How To Cook An Egg … with Vinegar

In a whirlpool of boiling water, there’s some alchemy involved when egg whites seize up, forming little cocoons encapsulating their precious yolk. Adding a capful of vinegar to the pot ups the overall acidity, increasing the rate at which ovalbumin (the predominant protein in albumen, aka “the egg white”) denatures, in turn, solidifying the shape of a poached egg much faster. Personally, I only remember using vinegar and eggs in tandem while preparing Paas or homemade dyes for multi-colored Easter Eggs — try combining onion skins and vinegar for fire engine red eggs for Greek Easter! More recently, I was exposed to “naked eggs”; the calcium carbonate shell of an unboiled egg eventually dissolves when submerged in vinegar while the rest of the egg stays intact! That said, I called on Ned Baldwin, chef/restaurateur of Houseman in New York City, to ask him his take on this chemistry when it comes to involving vinegar in cooking eggs. Baldwin wrote How To Dress An Egg: Surprising And Simple Ways To Cook Dinner, which is full of easy, yet masterful methodology on how to cook a single ingredient.  

 

He told me that when he poaches eggs, he goes light on the vinegar and uses apple cider vinegar, rather than the usual white distilled to avoid adding too much of the acetic flavor. “ Then doused in brown butter hollandaise, you don’t really taste [the vinegar in the poaching liquid] anyways.”

Apple cider vinegar also plays a role in Baldwin’s hard boiled eggs. He observes the 7-minute philosophy, and cooks the whole eggs in a blend of 25% apple cider vinegar to 75% water, for structure and flavor, but not an abrasive amount of acid, with lots of salt, black pepper, bay leaves, and sugar to balance it out. The eggs are served at both dinner and brunch with anchovies, a parsley salad, and tk kind of bread.  They also make an appearance in his riff on a classic sauce gribiche: “We do a mayo on our steak and fries that has a ton of [these similarly] boiled eggs and tarragon vinegar,” he says.

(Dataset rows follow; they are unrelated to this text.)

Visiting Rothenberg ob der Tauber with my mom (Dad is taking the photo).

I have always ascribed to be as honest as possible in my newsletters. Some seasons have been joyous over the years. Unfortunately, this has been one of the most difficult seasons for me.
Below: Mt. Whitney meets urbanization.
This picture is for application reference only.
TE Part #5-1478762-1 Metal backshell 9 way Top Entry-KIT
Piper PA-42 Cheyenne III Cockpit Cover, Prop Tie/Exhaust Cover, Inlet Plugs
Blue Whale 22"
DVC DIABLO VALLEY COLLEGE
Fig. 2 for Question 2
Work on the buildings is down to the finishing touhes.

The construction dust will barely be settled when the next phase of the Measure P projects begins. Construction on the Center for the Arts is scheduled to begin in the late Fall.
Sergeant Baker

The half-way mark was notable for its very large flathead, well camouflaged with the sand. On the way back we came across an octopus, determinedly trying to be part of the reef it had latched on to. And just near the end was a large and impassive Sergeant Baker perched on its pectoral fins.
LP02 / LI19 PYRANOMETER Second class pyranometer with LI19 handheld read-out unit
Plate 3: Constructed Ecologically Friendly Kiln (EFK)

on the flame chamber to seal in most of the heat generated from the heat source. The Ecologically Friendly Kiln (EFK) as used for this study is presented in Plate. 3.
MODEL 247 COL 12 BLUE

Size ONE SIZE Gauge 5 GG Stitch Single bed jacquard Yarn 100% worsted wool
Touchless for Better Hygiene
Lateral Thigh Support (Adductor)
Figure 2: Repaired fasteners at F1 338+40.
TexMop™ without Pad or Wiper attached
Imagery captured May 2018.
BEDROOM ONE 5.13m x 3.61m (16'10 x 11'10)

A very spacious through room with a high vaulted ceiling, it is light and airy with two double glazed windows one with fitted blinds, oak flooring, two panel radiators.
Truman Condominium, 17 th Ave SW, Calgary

This isn’t so far off from deconstructed Deviled Eggs, which I’ve seen whipped up with additions of vinegar, Dijon mustard, and even hot sauce (the latter two condiments both contain vinegar, as explored in the hyperlinked Vinegar Professor articles). 

 

For my next egg-vestigation, I tried fried. In the same vein as poached, egg whites spread during sunny side up attempts as well, so I wondered whether vinegar would help there too. It does, limiting dispersion, for a more compact fried egg. As I assessed further, I remember while writing ACID TRIP: Travels in the World of Vinegar, that I came across one of the simplest, most eye-opening uses for vinegar and eggs. It’s called oeufs à l'assassin, or “murderer eggs”, adding a small spoonful of red wine vinegar over fried eggs (the red vinegar is supposed to symbolize blood). A ploy to get young French children to eat their eggs, it adds the acid an egg doesn’t inherently have, bringing out the true creaminess of the yolk. In an awesome iteration, I was able to find a white wine vinegar version from the par excellence Bistrot Paul Bert in Paris. There, proprietor Bertrand Auboyneau fries his egg in butter, and tops it with a creamy “vinaigrette” of sorts, flourished with a flurry of soft herbs.

1 tablespoon butter 

1 egg 

Salt and pepper 

2 tablespoons white wine vinegar

Chopped herbs, such as tarragon or parsley


Fry an egg as you would, with an ample knob of butter, over medium-high heat. Cook until the edges brown. Place on a warm plate and season with salt and pepper. While the pan is still hot, add the white wine vinegar and allow to reduce by half. Spoon over the egg and garnish with some herbs.

For my next egg-periment, I’m going to try a little vinegar in and/or atop my scrambled eggs, because, as they say, you have to break a few eggs to make an omelet — and open a few bottles of vinegar while you’re at it.